305	TORCH_CUDA_CU_API TensorView* broadcast(
306	TensorView* inp,
307	const std::vector<bool>& is_broadcast_dim);
308
309	// Expands input based on provided sizes. expand_sizes should be larger than
310	// the input's root domain (really rfactor) and will broadcast on inner
311	// dimensions. expand_sizes should be -1 for any dimension that should remain a
312	// symbolic size.
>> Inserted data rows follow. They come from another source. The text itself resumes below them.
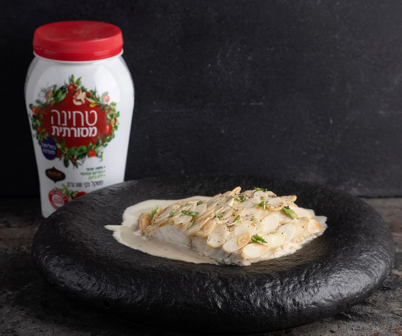 7.בצלחת הגשה מוזגים 2 כפות מהטחינה, מניחים מעל את הדג, מפזרים מעט פטרוזיליה קצוצה ומגישים.
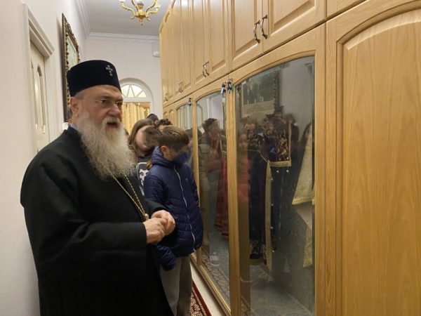 Στην συνέχεια ο Σεβασμιώτατος Μητροπολίτης Κορίνθου κ. Διονύσιος ξενάγησε τους μαθητές στους χώρους του Επισκοπείου και των Γραφείων, ώστε να κατανοήσουν τον τρόπο που διοικείται και συντονίζεται το ευρύτερο έργο και οι δράσεις της Ιεράς Μητροπόλεως Κορίνθου.
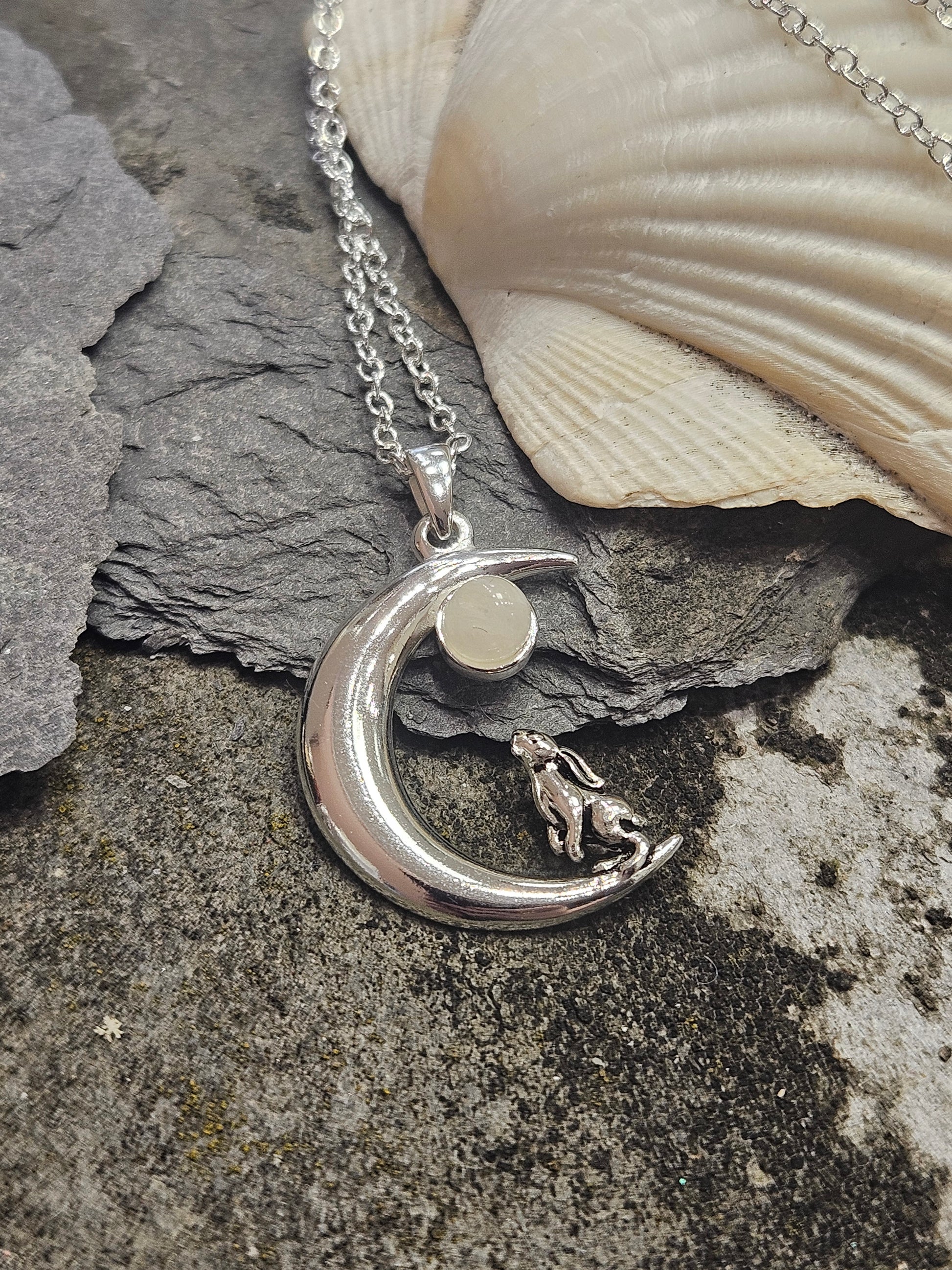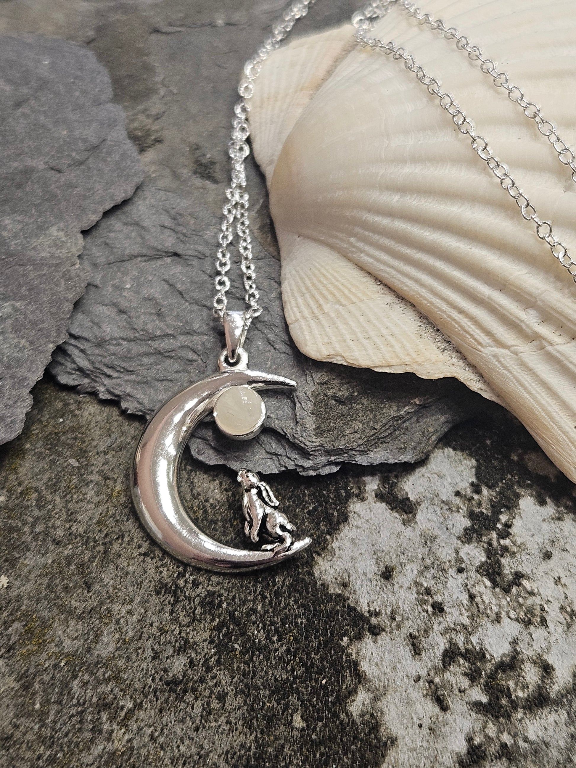 Moonstone Moon Gazing Hare Necklace
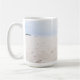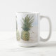 Uma caneca com uma fotografia com um par de abacaxi sentado numa praia arenosa.
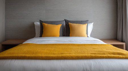 This image captures a cozy and modern bedroom featuring a soft bedspread and decorative cushions in vibrant yellow, creating a warm and inviting atmosphere perfect for relaxation.

For dimensions that remain broadcast after the expand should
313	// be set to 1, any dimension being expanded must be marked as a broadcast in
314	// the input and will be expanded to the provided constant size. Any dimension
315	// that's symbolic in the input but specified as a non -1 value will be set to
316	// that constant value.
317	TORCH_CUDA_CU_API TensorView* expand(
318	TensorView* inp,
319	const std::vector<Val*>& expanded_sizes);
320
321	// Expands input based on other. For dimensions in inp that are broadcast with a
322	// matching entry in other that's either a broadcast with expanded extent or a
323	// non broadcasted iter domain, inp will be expanded to other's size.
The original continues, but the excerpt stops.